(Beginning of RECORDS SHOWN)
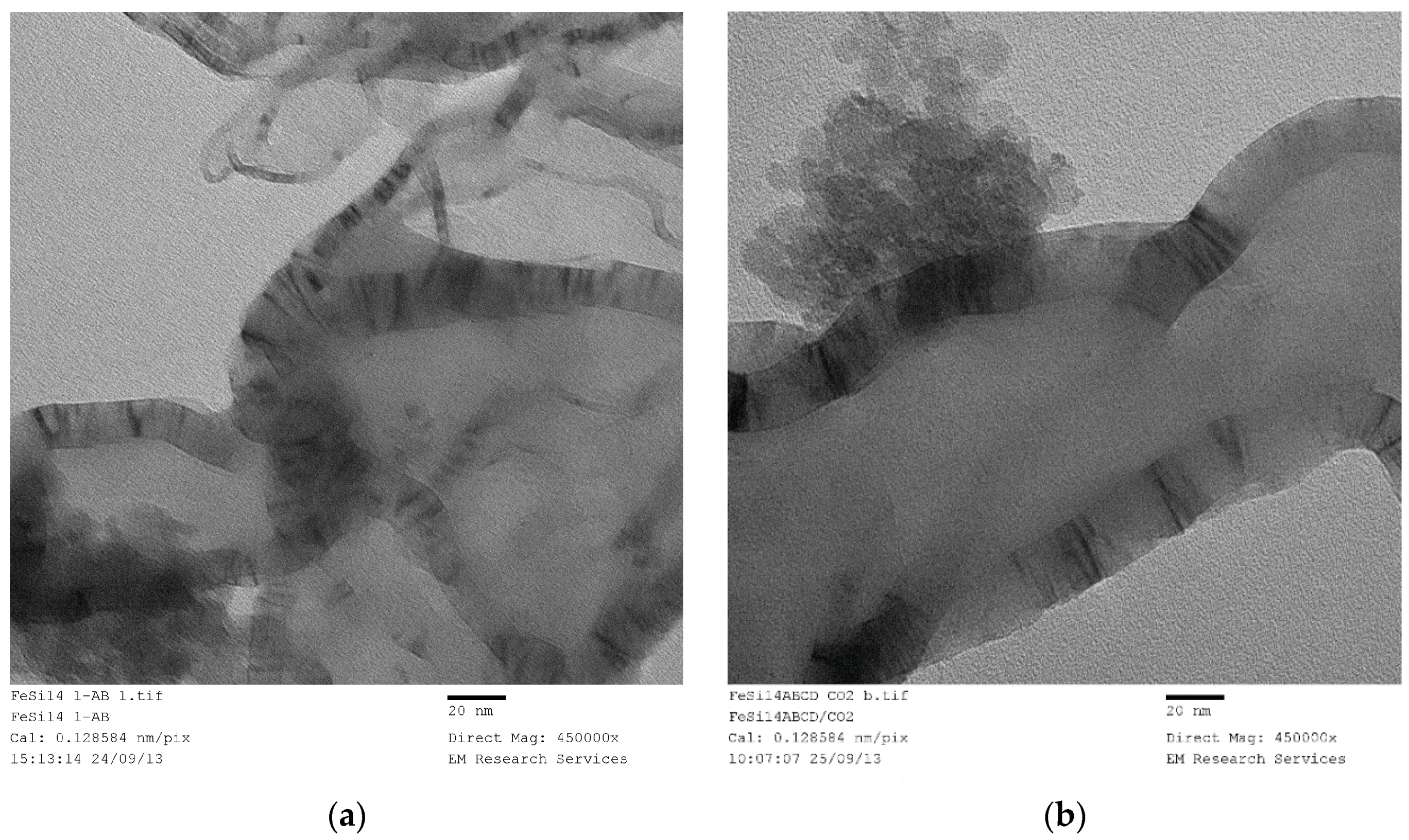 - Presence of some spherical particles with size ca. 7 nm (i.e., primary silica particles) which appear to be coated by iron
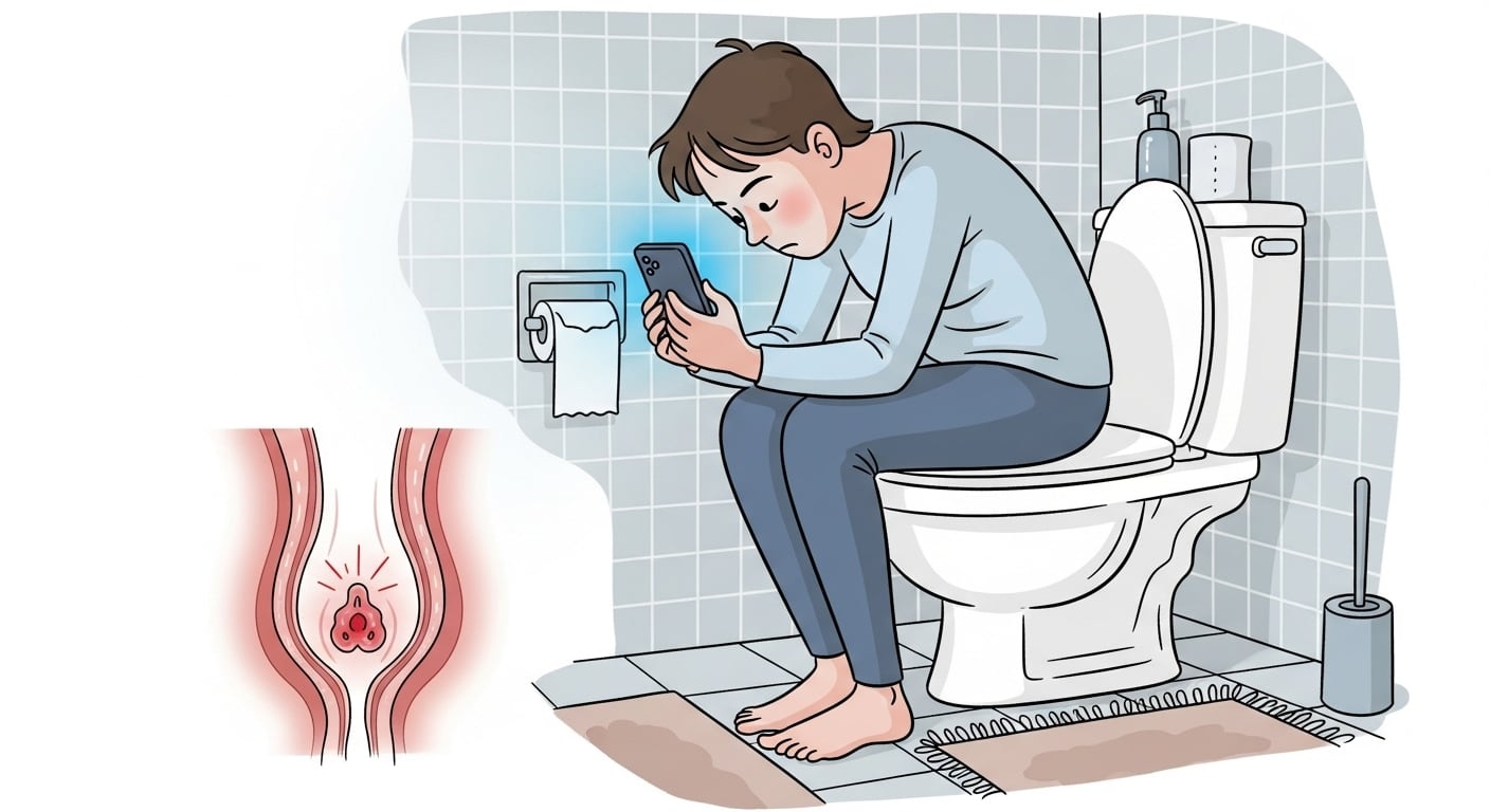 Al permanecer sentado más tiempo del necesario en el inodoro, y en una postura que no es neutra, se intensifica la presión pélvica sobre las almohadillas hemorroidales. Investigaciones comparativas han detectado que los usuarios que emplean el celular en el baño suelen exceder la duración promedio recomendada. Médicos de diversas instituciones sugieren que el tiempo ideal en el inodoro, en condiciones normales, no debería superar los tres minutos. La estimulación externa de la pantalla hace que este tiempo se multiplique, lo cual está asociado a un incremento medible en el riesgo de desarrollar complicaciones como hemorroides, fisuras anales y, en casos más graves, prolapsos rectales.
(End of RECORDS SHOWN)
(Beginning of RECORDS SHOWN)
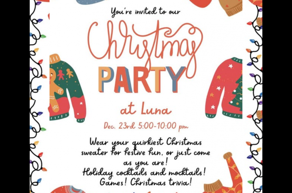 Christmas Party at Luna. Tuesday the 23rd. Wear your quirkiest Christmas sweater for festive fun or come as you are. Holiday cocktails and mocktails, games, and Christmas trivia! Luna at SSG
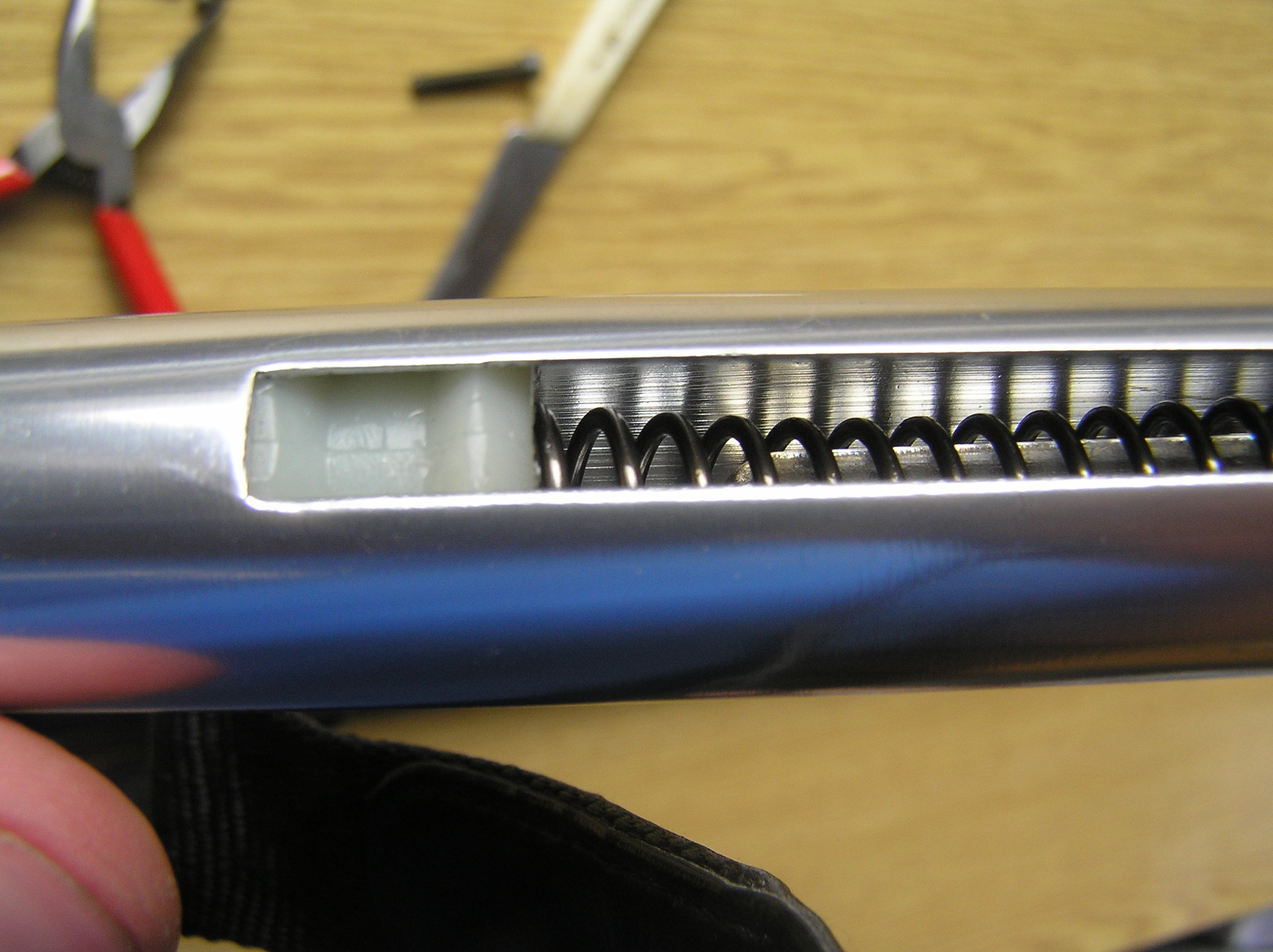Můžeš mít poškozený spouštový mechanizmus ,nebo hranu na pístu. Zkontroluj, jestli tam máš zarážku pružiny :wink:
(End of RECORDS SHOWN)
> WHAT TO DO:
In the records above, copy exactly everything from the line that has "Christmas Party at" down to the line that has "Můžeš mít poškozený", both ends included, and leave out the pictures.

> RESPONSE TO THE EXERCISE:
 Christmas Party at Luna. Tuesday the 23rd. Wear your quirkiest Christmas sweater for festive fun or come as you are. Holiday cocktails and mocktails, games, and Christmas trivia! Luna at SSG
Můžeš mít poškozený spouštový mechanizmus ,nebo hranu na pístu. Zkontroluj, jestli tam máš zarážku pružiny :wink:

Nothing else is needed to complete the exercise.